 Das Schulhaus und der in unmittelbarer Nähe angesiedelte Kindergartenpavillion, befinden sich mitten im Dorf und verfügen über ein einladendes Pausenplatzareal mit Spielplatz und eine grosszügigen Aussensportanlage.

+--

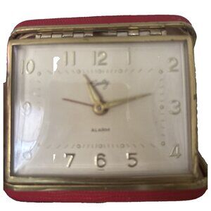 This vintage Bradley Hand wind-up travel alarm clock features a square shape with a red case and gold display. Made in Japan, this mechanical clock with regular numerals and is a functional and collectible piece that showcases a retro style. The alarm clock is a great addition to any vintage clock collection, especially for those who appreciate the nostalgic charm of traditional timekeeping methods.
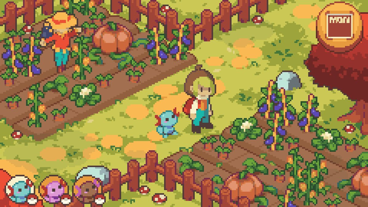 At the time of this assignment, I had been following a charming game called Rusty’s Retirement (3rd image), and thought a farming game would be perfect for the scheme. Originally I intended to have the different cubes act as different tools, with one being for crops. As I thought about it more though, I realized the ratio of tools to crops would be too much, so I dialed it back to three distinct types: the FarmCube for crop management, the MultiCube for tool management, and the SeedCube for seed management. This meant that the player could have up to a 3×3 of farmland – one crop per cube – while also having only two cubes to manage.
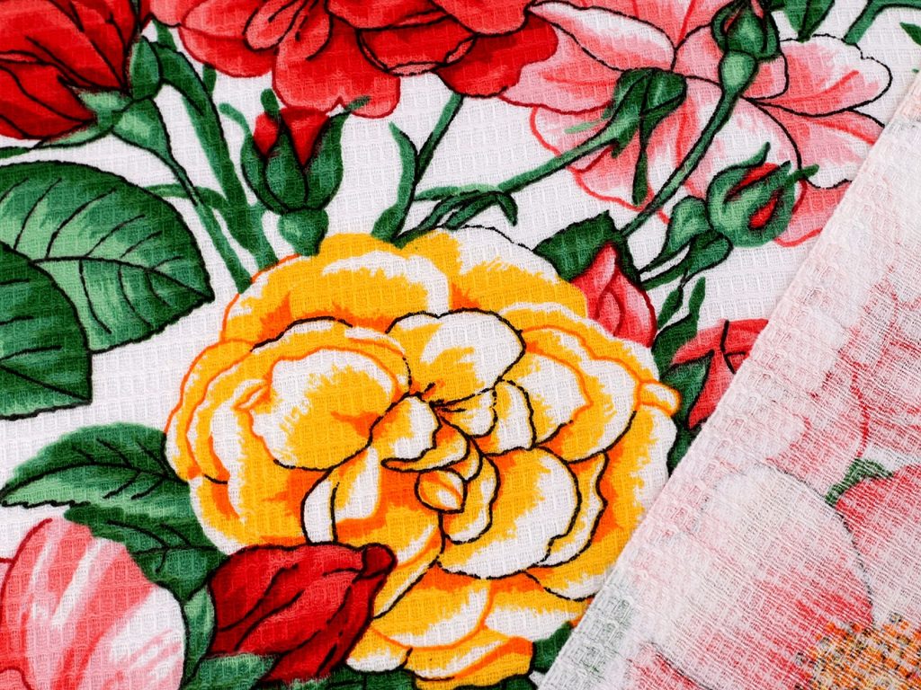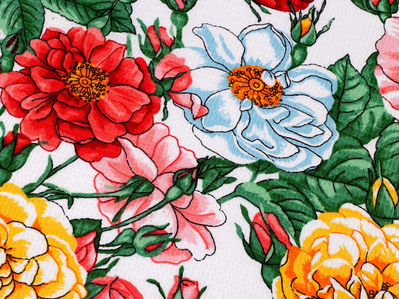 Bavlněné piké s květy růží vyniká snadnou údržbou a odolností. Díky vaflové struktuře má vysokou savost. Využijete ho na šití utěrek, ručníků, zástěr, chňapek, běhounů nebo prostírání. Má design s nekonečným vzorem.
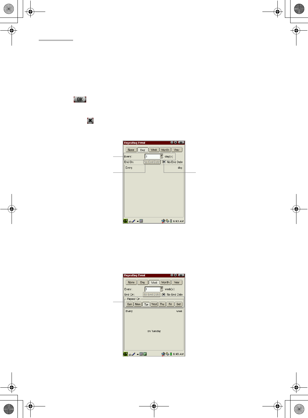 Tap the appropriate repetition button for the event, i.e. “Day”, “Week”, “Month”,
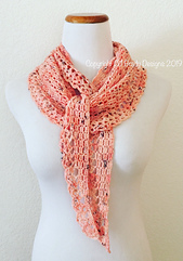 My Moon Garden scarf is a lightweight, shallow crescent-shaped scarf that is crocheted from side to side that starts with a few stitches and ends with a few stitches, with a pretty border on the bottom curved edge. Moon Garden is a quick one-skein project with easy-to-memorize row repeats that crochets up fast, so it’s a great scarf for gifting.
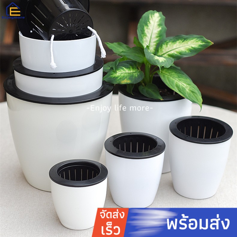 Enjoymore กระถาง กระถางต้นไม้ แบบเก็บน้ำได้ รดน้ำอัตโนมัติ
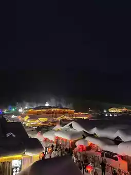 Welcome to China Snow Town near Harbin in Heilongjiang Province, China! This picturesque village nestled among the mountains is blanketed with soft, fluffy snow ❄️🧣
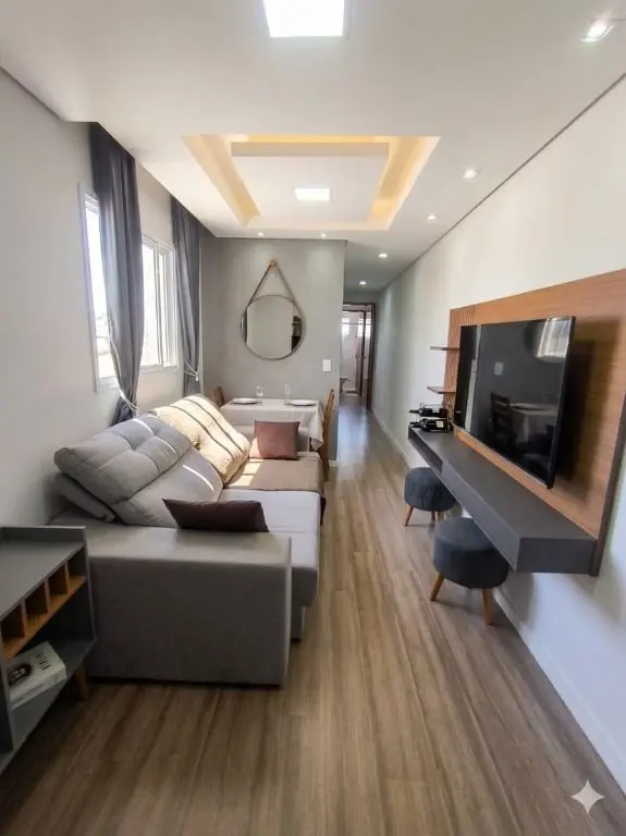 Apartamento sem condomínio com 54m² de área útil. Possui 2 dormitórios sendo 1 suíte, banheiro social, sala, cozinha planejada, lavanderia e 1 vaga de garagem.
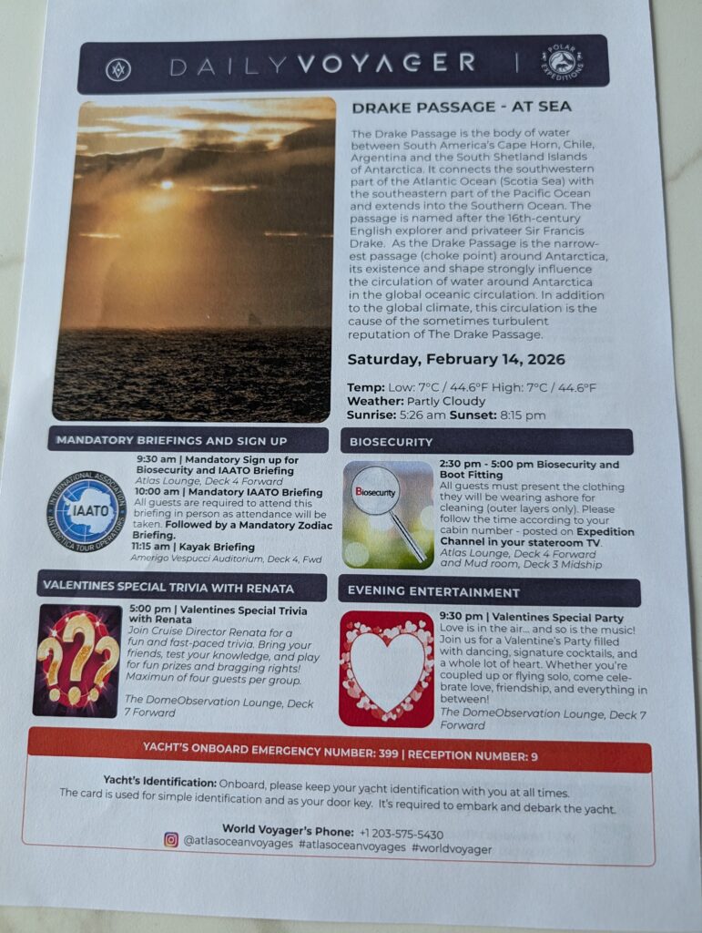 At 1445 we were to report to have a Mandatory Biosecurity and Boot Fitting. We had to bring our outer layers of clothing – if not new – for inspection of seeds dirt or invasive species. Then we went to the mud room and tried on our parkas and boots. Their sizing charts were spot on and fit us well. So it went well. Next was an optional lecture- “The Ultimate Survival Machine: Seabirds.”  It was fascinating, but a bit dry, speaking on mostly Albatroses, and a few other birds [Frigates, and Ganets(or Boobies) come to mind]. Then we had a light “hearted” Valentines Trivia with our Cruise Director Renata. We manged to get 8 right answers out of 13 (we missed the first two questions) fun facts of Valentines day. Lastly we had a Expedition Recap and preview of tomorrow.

+--

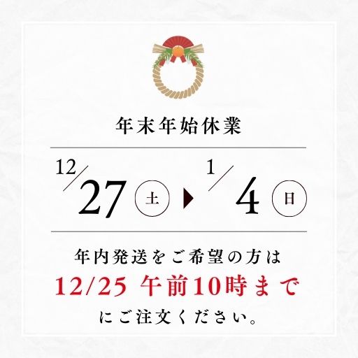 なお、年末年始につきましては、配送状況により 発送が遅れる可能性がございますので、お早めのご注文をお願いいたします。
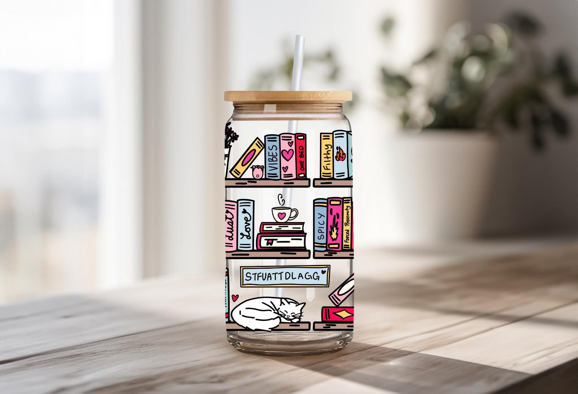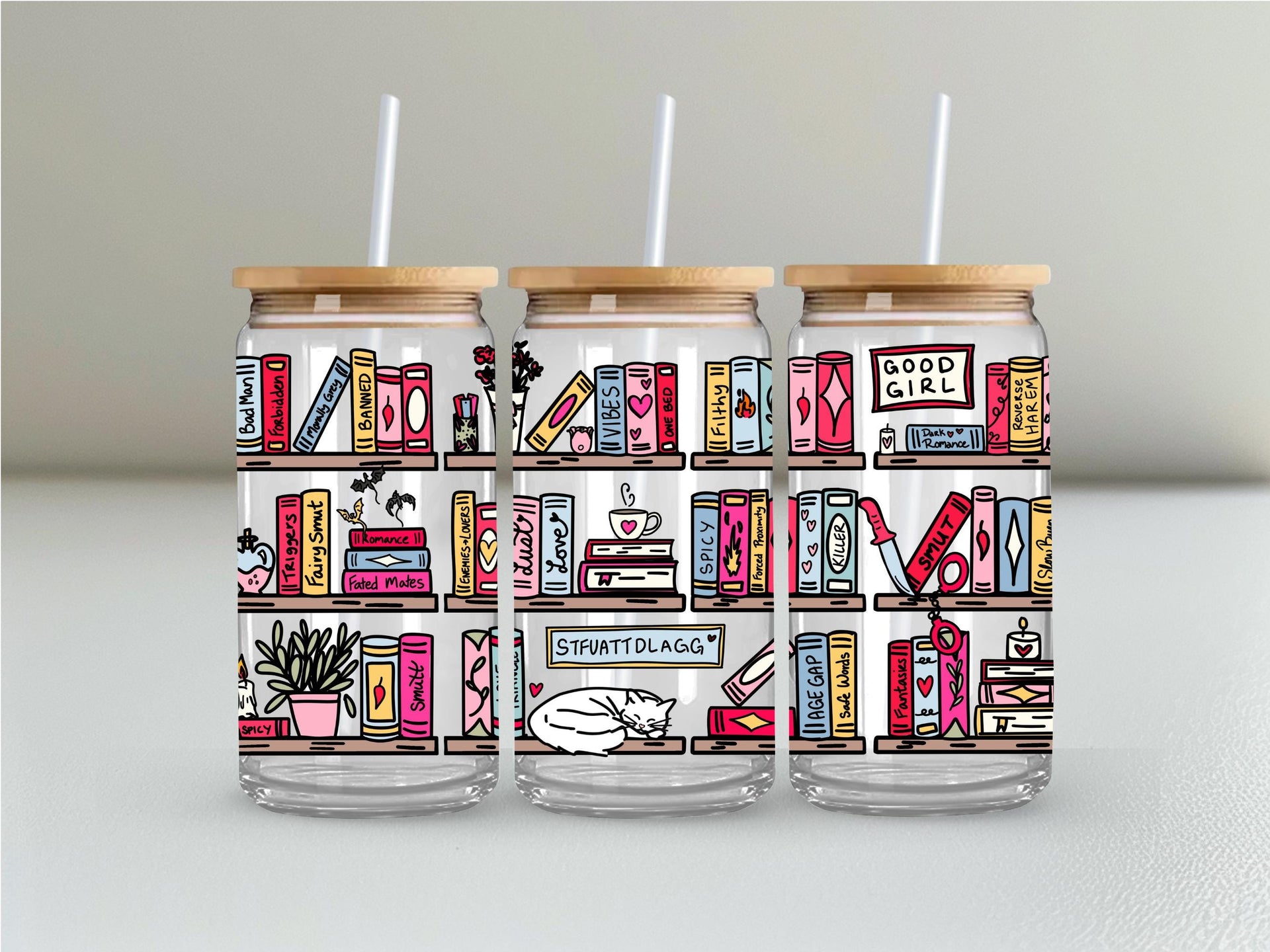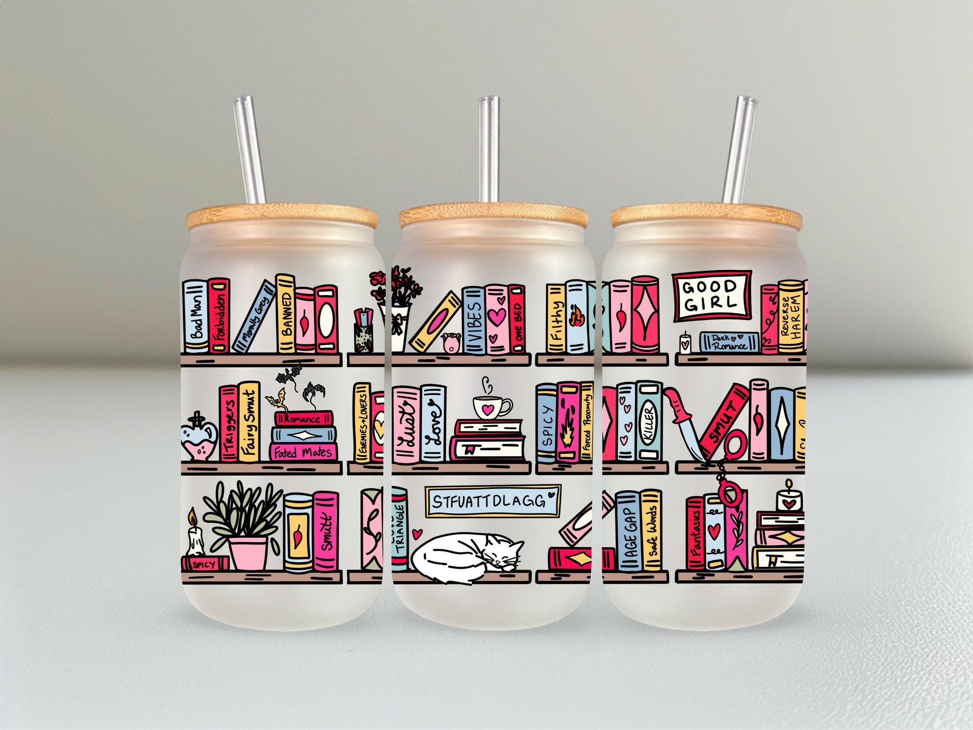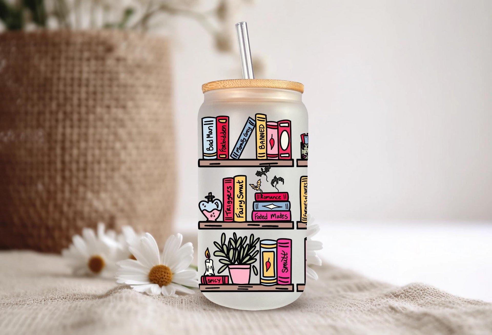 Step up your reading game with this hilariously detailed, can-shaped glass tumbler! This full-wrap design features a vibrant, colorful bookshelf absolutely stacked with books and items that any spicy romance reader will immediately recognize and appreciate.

+--

* **Exercise aim**
Go to the line above that contains "My Moon Garden" and reproduce everything exactly from there through the line that contains "At 1445 we were", leaving out the pictures.

* **Response**
 My Moon Garden scarf is a lightweight, shallow crescent-shaped scarf that is crocheted from side to side that starts with a few stitches and ends with a few stitches, with a pretty border on the bottom curved edge. Moon Garden is a quick one-skein project with easy-to-memorize row repeats that crochets up fast, so it’s a great scarf for gifting.
 Enjoymore กระถาง กระถางต้นไม้ แบบเก็บน้ำได้ รดน้ำอัตโนมัติ
 Welcome to China Snow Town near Harbin in Heilongjiang Province, China! This picturesque village nestled among the mountains is blanketed with soft, fluffy snow ❄️🧣
 Apartamento sem condomínio com 54m² de área útil. Possui 2 dormitórios sendo 1 suíte, banheiro social, sala, cozinha planejada, lavanderia e 1 vaga de garagem.
 At 1445 we were to report to have a Mandatory Biosecurity and Boot Fitting. We had to bring our outer layers of clothing – if not new – for inspection of seeds dirt or invasive species. Then we went to the mud room and tried on our parkas and boots. Their sizing charts were spot on and fit us well. So it went well. Next was an optional lecture- “The Ultimate Survival Machine: Seabirds.”  It was fascinating, but a bit dry, speaking on mostly Albatroses, and a few other birds [Frigates, and Ganets(or Boobies) come to mind]. Then we had a light “hearted” Valentines Trivia with our Cruise Director Renata. We manged to get 8 right answers out of 13 (we missed the first two questions) fun facts of Valentines day. Lastly we had a Expedition Recap and preview of tomorrow.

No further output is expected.